Larynx or vocal cord is an organ that produces sound through the back and forth movement of the vocal muscles and interaction with other organs. Disturbances in the function of the vocal cords will cause temporary or permanent loss of ability to speak and often causes hoarseness. Early detection in the early stages of disorders of the larynx increases the chances of full recovery of these organs to function normally again. However, when detected in later stage, one can lose the ability to speak, even in some cases can cause death, for example in cases of nasopharyngeal cancer [1].

Signal processing offers an alternative and non-invasive way for fast and portable tools for determining the vocal cord disorders. However, finding characteristics for determining the type and least severe level of disorder of the larynx is a challenge given the nonlinearity nature of the human voice signal with respect to time. The technique

commonly used is to ask the patient to pronounce the vowel (/ a /) continuously in one breath [2]. In normal case, the frequency of the sound should be about in one frequency with little variation throughout the time. A regular structure in frequency with respect to time is called harmonicity of a signal, which the first harmonic is called fundamental frequency and the later harmonics is first, second and n-th formant. With hoarseness, the frequency will be distorted and the distortion will be measured. Based on these characteristics, hybrid characteristic harmonics-to-noise ratio (HNR) to determine the least severe level of disorder of the larynx was proposed. In this article the number of harmonics that normally exist, distorted due to vocal cord abnormalities [3, 4].

Research using non-invasive method has been carried out by the Acoustic Group FTI-ITS Engineering Physics since 1998 in collaboration with the Medical Faculty of Airlangga University and Ear Nose Throat – Technical Implementation Unit (ENT-UPF) of dr. Soetomo Hospital. The idea of this study originated from diagnostic enforcement difficulties for ENT specialists to perform by entering the elastic optical cable (laryngoscopy) to the throat because they are invasive, causing discomfort to the patient [1].

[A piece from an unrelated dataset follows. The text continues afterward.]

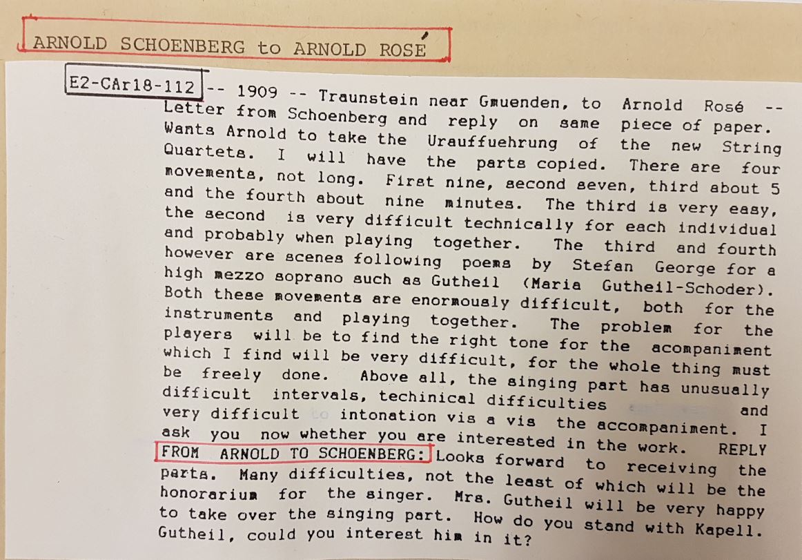 1909. Arnold Schoenberg (1874-1951) to Arnold Josef Rose (1863-1946). Translation. Mentioned is Marie Gutheil-Schoder (1874-1935). He describes each movement, and warns Rosé of the work’s difficulty, both in terms of individual technique and ensemble. Hopes to have Marie Gutheil-Schoder for the soprano. Arnold Rosé drafted his response on the bottom of the letter: he is looking forward to Schönberg’s latest work, but is certain that Gutheil would expect an honorarium and he is himself unable to find the money.

We extend the research to investigate the severity of vocal cord disorders suffered by patients using Daubechies wavelet for analysis because of its linear phase property [5]. To measure degree of hoarseness quantitatively, we used jitter, shimmer, and HNR.

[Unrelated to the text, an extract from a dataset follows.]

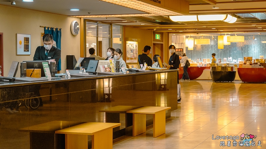 走進水明館大廳時,迎面而來的是寬敞明亮的空間與溫暖氛圍。櫃檯服務人員親切的迎接,仔細確認預約資料並辦理入住手續,最後簡單的為住客介紹飯店的公共設施及溫泉池的使用時間。

2. SPEECH SIGNAL ANALYSIS METHOD Speech is generated by mechanical vibration of

vocal cords that creates air pressure difference during transmission. The vocal cords movements are driven by air pressure from the lung and controlled by intrinsic muscles at the larynx to produce the desired sound. In the event of abnormalities on the vocal cords, it is often marked by symptoms of audible hoarse voice. Hoarse voice is a generic term for any disorder that causes changes in the sound. When hoarse, the voice may sound harsh, rough with a lower tone than usual, weak voice, lost voice, a voice came out strained and hard, consisting of several tone of voice, pain when make a sound, or the inability to achieve a particular tone or intensity.

The change of sound, also cause changes in the voice signal. The signals change can be processed by analyzing the voice signal, so that the details and

301

2013 IEEE Workshop on Signal Processing Systems

978-1-4673-6238-2/13 $31.00 © 2013 IEEE

causes of the changes that occurred can be known based on time domain characteristics, frequency and amplitude.

2.1. Jitter, Shimmer, and HNR Jitter, shimmer, and HNR is a variation of the

fundamental frequency and amplitude that being used to describe the quality of pathology of the human voice. These parameters are easy to obtain and showed the degree of the distortion straightforwardly. Values obtained may be one aspect of the characterization of specific sound.

1) Jitter Jitter is the frequency modulation noise which produces a difference frequency variation value in a row at the fundamental frequency [6] [7].

is a frequency value of that is extracted and

is the number of frequencies that is extracted 2) Shimmer Amplitude modulation that is expressed as a change of peak to peak amplitude in decibels (dB) [6] [7]

as is peak to peak amplitude data that is extracted. 3) HNR Usually used to determine the clarity level of the measured sound signal. By determining amplitude harmonization value of the signal in decibel (dB), the larger value obtained by HNR, the more harmonic signal is used [4]. Harmonics of a speech signal are obtained by using fundamental frequency and formant estimation algorithm. Wavelet Transform

Wavelet possesses an ability to analyze data in time and frequency domain simultaneously with different resolution scales in each state owned, making one of the advantages of wavelet transforms. Mathematical function of wavelet cuts the data into clusters of different frequencies, so that each component can be studied using different resolution scales. With dilation and translation function by Daubechies Wavelet Transform is as follows, [5]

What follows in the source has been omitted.